A Tale of Two Keys
My math research teacher Mrs. K would usually explain mathematical concepts to me using stories and riddles. On the subject of encryption, she proposed this thought problem:
A man and a woman are lovers who have become separated from one another. They can communicate through the mail, but there's a problem - The post office can open and read all of the mail that comes through the system. The couple wants to exchange secrets, so they decide to send their mail locked in a box, which can be opened with a key. This still poses a problem, since the post office can still open the box if they can obtain the key in transit. How can the lovers exchange secret messages with each other so that the post office cannot open the box?
My first thought was that the couple should meet outside the postal system and create two copies of the key for both of them to have. In the early days of pre-digital cryptography, this was the common technique for exchanging encrypted messages. However, this is only effective if you have a prior, secure avenue of communication to establish the keys. If we assume that the couple (server and client) have not yet established a key, and can now only communicate through the post office (the internet), the problem merits a new solution.

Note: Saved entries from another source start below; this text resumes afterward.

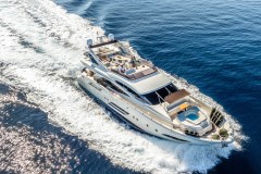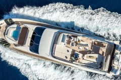At 23 meters, Dalia is a yacht that exudes Italian sophistication and modern luxury. She blends sleek lines with contemporary comfort, offering a lifestyle where every detail has been carefully designed to inspire. Accommodating up to eight guests across four beautifully appointed cabins, including one double and three twins. Each space is refined yet welcoming, creating a sense of comfort that feels both indulgent and personal. A professional crew of three is always on hand, ensuring impeccable service and a seamless charter experience. Life on board flows effortlessly between relaxation and celebration. A deck Jacuzzi offers the perfect retreat under the stars, while expansive outdoor lounges invite guests to unwind, dine, or enjoy the views. Inside, air- conditioned interiors provide a haven of calm, featuring stylish design and generous living areas perfect for social gatherings.
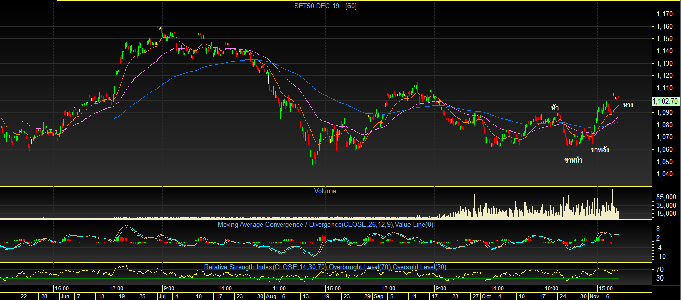 ได้ก่อตัวเป็นรูปแบบ “Dragon Pattern” และตอนนี้กำลังตวัดหาง ซึ่งมีแนวโน้มสูงมากที่ดัชนีจะกลับขึ้นไปปิด Gap ณ ระดับ 1120 จุด ที่เคยเปิดทิ้งไว้
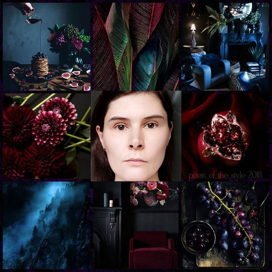 Both palettes are languid and delicious, both beautifully highlight depth, but Winter, upon closer inspection, slightly pales and desaturates the complexion, thereby creating a sickly impression. The autumnal setting, on the other hand, blends harmoniously with the face, intensifying its colors and bringing it to life. Overall, with such a high level of contrast, the winter palette can also be explored, avoiding only the iciest shades. The main option, however, is Dark Autumn. Let's move on.

Mrs. K's answer to the problem is this:
The man puts the message in the box, locks it with his own lock, and keeps its key in his drawer. He sends the box to his lover, who then puts her own lock on the box and stores away its key. She sends the box back to the man who unlocks his lock with his key, to which he sends the box back to his lover who can now unlock the box with her key.
This technique is the basis of public key cryptography, or asymmetric encryption, which is used to authenticate secure tunnels in both SSH and SSL protocols. Since this is accomplished through ciphers, the metaphor of the key and the lock is a little off. With public key cryptography, a public and a private key are mathematically derived from a random large integer. The public "key", in this case, is the lock - because the public key can be used to encrypt information but cannot be used to decrypt afterwards. The only way to decrypt the package is to use the private key, which is held by one person and never shared. For a great example that sticks closer to the key/lock mechanism, I found this article by Panayotis Vryonis to be very helpful.
This is a great oversimplification of the techniques involved in this process, but the abstract concept is not too difficult to grasp. Public key cryptography provides other authentication benefits as well. If we go back to our post office example, anybody can send a package to someone under the guise that it was sent from somewhere else (i.e. an intentionally false return address). The same is true for an inherently unsecure network like the internet. In public key cryptography, a woman's public key can be distributed and used to decrypt information that was encrypted with her private key. This ensures that your package came from the source from which it claims to arrive from.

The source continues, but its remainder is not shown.